When visiting Ft. Collins, Colorado recently and staying with my aunt and uncle, they made the lasagna that I absolutely LOVED as a kid. It was always one of my favorite things about visiting them when we all lived in the same area in the midwest. As a boy I never thought to ask aunt Carolyn what went in her awesome lasagna, I was too busy wolfing it down. But now it was all making sense when I saw the carton of cottage was out as she began making her lasagna. “Carolyn, may I have some cottage cheese?” I asked, figuring it would be a good appetizer before the main course. “Sorry”, she said, “you’ll be having this soon enough.” So that was it… cottage cheese is in her famous lasagna! But how does this work? Aunt Carolyn explained that ricotta cheese is commonly used in most lasagna recipes. Sounded reasonable enough to me. “But to make lasagna really special, use cottage cheese with an egg beaten in”. There it was, the secret to the lasagna I had loved for so many years.
I’ve now made this spinach lasagna recipe so many times, i’ve lost count. My whole family loves it and it’s perfect to make on a Sunday afternoon and heat up for dinner during the week if I know it’s going to be an extra busy week.
- 16oz package of regular lasagna noodles
- 2 cups shredded mozzarella cheese
- 32 oz jar spaghetti sauce
- 16oz carton of cottage cheese
- 10oz package frozen chopped spinach, thawed
- 1 teaspoon garlic powder
- 1 teaspoon Italian seasoning
- Preheat oven to 325 degrees F
- In a bowl, mix cottage cheese, Italian seasoning and beat in egg. Use an electric hand mixer and mix for about 30-45 seconds until nice and creamy.
- Thoroughly drain spinach and add to cottage cheese mixture. Mix in by hand. Set aside.

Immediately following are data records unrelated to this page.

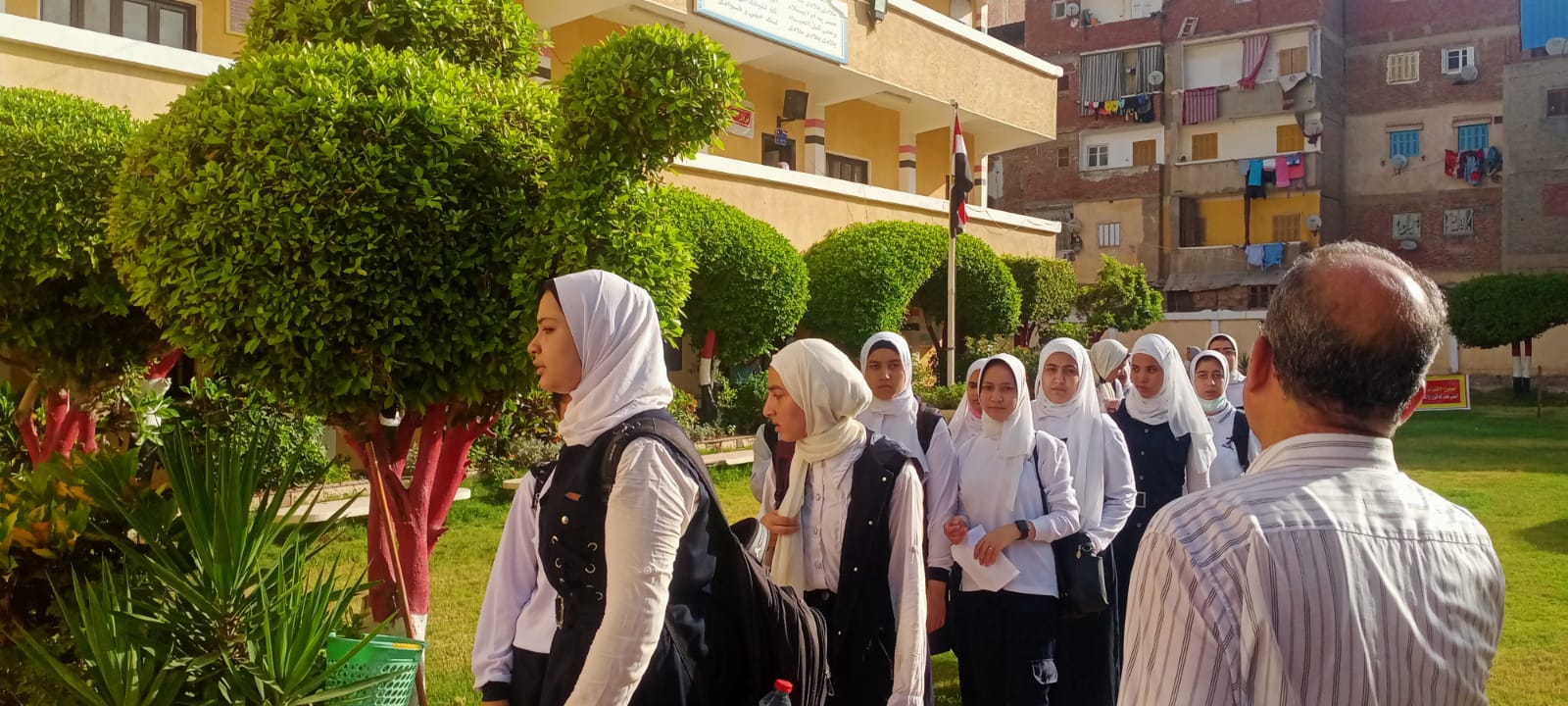 وتنظيم يوم للتعارف بالمدارس لطلاب الصفوف الأولى لتعريفهم بأماكن فصولهم واصطفافهم وتدريبهم على طابور الصباح وتسليمهم للكتب المدرسية وإزالة أي إشغالات بجوار المدارس خاصةً بجوار بوابات الدخول والخروج للتلاميذ وبجوار أسوار المدارس ونطاقها. وتكثيف أعمال النظافة والتعقيم والالتزام بتطبيق كافة الإجراءات الاحترازية والتدابير الوقائية اللازمة لحماية الطلاب والمعلمين من الأمراض المعدية بالإضافة الي مراجعة أسوار المدارس والتأكد من سلامة الأبواب والشبابيك والمقاعد والزجاج.
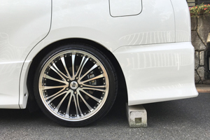 日常生活に支障の無いように、車止めブロックを前後に置いてギリギリの高さを調整。(ブロックは概ね10?12cmが多い)
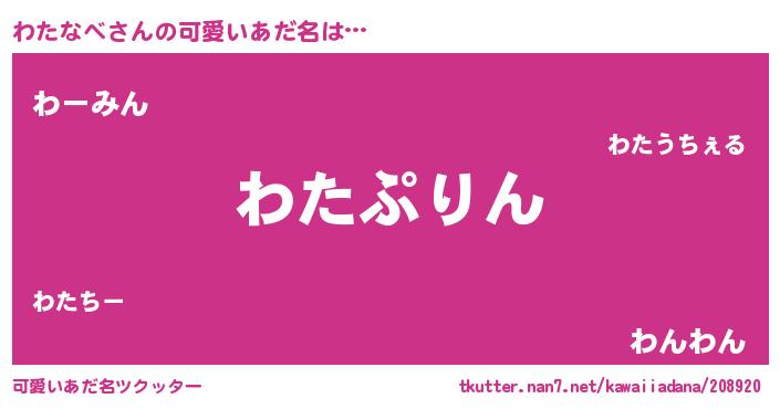 | ヒーロー風カッコイイあだ名 | 『スーパーワタナベ』『仮面ワタダー』 |
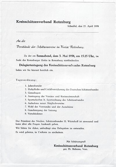 Mit Schreiben vom 25.04.1958 wurden alle Vereine des Landkreises Rotenburg eingeladen an der 1. Delegiertentagung des Kreisschützenverbandes Rotenburg teilzunehmen. Diese sollte am Sonnabend, den 03. Mai 1958 im Saal des Rotenburger Hofes in Rotenburg stattfi nden. Zu diesem Zeitpunkt hatten bereits 18 Schützenvereine mit insgesamt 1500 Mitgliedern ihren Beitritt zum Verband erklärt. Der Präsident des Schützenverbandes Niedersachsen, Hermann Wüstehoff, der als Gast erschienen war, übernahm den Tagungsvorsitz und führte die Wahl des Kreisvorstandes durch. Die Delegierten wählten dann einstimmig folgenden Kreisvorstand:

- In a 13" x 9" glass baking dish, spread a thin layer of spaghetti sauce on the bottom, place a layer of lasagna noodles over sauce. On top of noodles, layer ⅓ cottage cheese mixture, ⅓ shredded mozzarella cheese and ⅓ sauce. Repeat this layering of noodles, cottage cheese, mozzarella ans sauce 2 more time.
- Finally, sprinkle garlic powder over the top layer of mozzarella cheese. Pour about ¼ cup water gently around the edges of the dish.
- Bake lasagna at 325 for 1 hour.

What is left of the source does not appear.